Grenfell United, the bereaved families and survivors group, said the measures failed to “deal with this mess once and for all”.
“Residents living in unsafe homes will go to bed tonight worrying if their building will qualify or be left out once again,” it said. “And bereaved and survivors of Grenfell will lie awake fearful that what happened to us could still happen again.
“Residents shouldn’t be forced into loans and new debt just because of the height of their building. It’s completely unfair to pile more financial strain on leaseholders for a problem that has been caused by developers and the construction industry. The industry needs to be held fully responsible for what they have done – small levy doesn’t cut it.”
People affected by the cladding crisis have been unable to sell their flats because mortgage companies will not lend against them and have faced rising bills to pay for remediation works that freeholders and developers have in some cases refused to fund. It has sparked a financial and mental health crisis for many.

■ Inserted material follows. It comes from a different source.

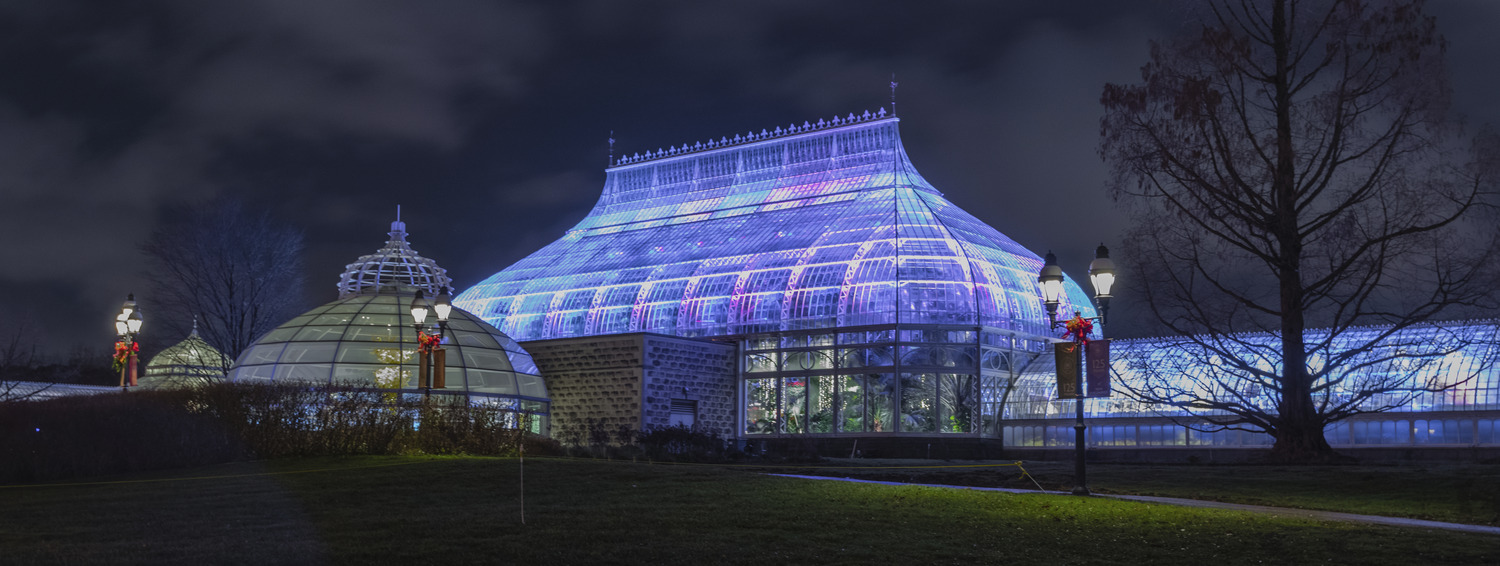 In preparation for its 125th anniversary, Phipps Conservatory undertook the restoration of the historic ogee crest, which had been missing from the glasshouse since 1937. As part of the celebration, a new lighting scheme was envisioned to turn the original Lord & Burnham design into a lantern for special events. This design helps to reveal the ogee’s complex curves, and brings life to it as it soars above Schenley Park. https://www.phipps.conservatory.org/press-room/press-releases/the-ogee-makes-its-return-to-phipps-conservatory

Since Grenfell there have been at least two serious cladding fires in buildings lower than 18 metres. One was at the six-storey Samuel Garside House in Barking, east London, in June 2019, when fire tore through timber cladding and balconies. The other was in November 2019 at the Cube, a six-storey student accommodation block in Bolton, where high-pressure laminate cladding panels burned.
Stephen Greenhalgh, the building safety minister, has previously estimated there are as many as 1,700 high-rise buildings in England with fire safety problems that relate to non-ACM cladding, such as timber or high-pressure laminate panels.
Jenrick’s announcement is the latest of several extensions to the government funding to make buildings safe. In May 2018, ministers said they would fund the removal of Grenfell-style aluminium composite material (ACM) cladding on high-rise social housing and a year later extended that to tall private blocks. By the end of 2020, fewer than half of the 462 affected buildings in England had been completely fixed, with works under way on 201, and not having started on 45.